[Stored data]
....
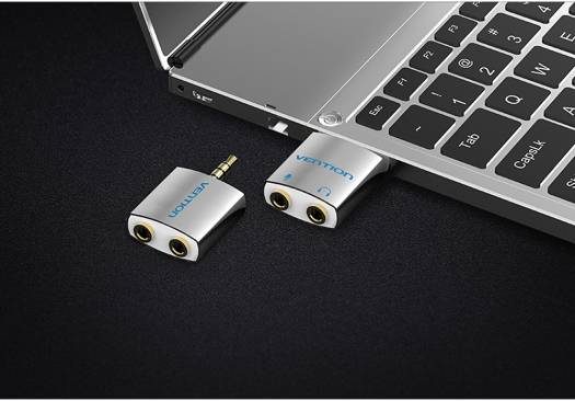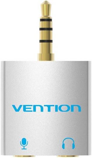 Vention 4 Pole 3.5mm Male to 2×3.5mm Female Audio Splitter Adapter, With Separated Audio & Microphone Port, Silver | BDBW0
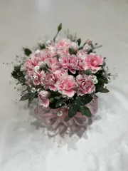 ケーキ風ギフトフラワー 名古屋みなと店にて カーネーション,ユーカリ、カスミソウでケーキ風とは言われましたが、かろうじて丸のようになったかしら^_^
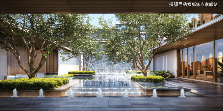 「虹桥润璟」售楼处营销中心☎:400-8855-420✔✔低容积率从源头上就给予设计师更多的景观创造空间。在园林设计上,虹桥润璟售楼处营销中心☎:400-8855-420✔✔溯源世界知名隐奢酒店的灵感。主入口处,结合格栅景墙与奢石水景,搭配层次感的绿化,形成了树影倒映的三面观景场所,实现归家动线的绝美视觉统一。
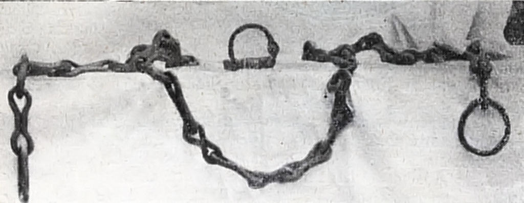 correntes, mordaças, embudes (Para o suplício da água) e outros
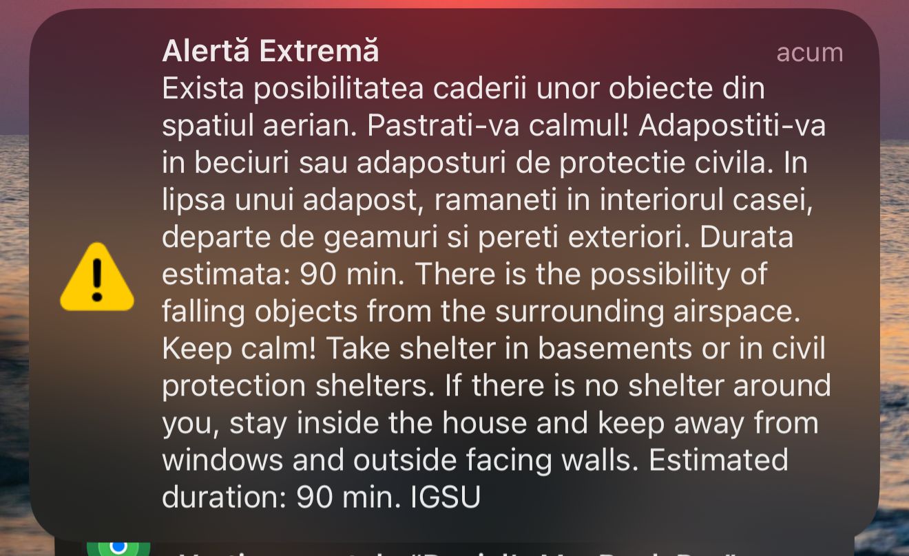 Duminică seara, în jurul orei 22:40, Inspectoratul General pentru Situații de Urgență a transmis un mesaj RO-ALERT prin care informa populația din zona de Nord a județului Tulcea despre posibilitatea căderii unor obiecte din spațiul aerian, în zona de graniță a României cu Ucraina.
....
_Task goal_. Leaving out every picture, repeat exactly the lines of the records from the start through the line that has "correntes, mordaças, embudes".

_Task response_.
 Vention 4 Pole 3.5mm Male to 2×3.5mm Female Audio Splitter Adapter, With Separated Audio & Microphone Port, Silver | BDBW0
 ケーキ風ギフトフラワー 名古屋みなと店にて カーネーション,ユーカリ、カスミソウでケーキ風とは言われましたが、かろうじて丸のようになったかしら^_^
 「虹桥润璟」售楼处营销中心☎:400-8855-420✔✔低容积率从源头上就给予设计师更多的景观创造空间。在园林设计上,虹桥润璟售楼处营销中心☎:400-8855-420✔✔溯源世界知名隐奢酒店的灵感。主入口处,结合格栅景墙与奢石水景,搭配层次感的绿化,形成了树影倒映的三面观景场所,实现归家动线的绝美视觉统一。
 correntes, mordaças, embudes (Para o suplício da água) e outros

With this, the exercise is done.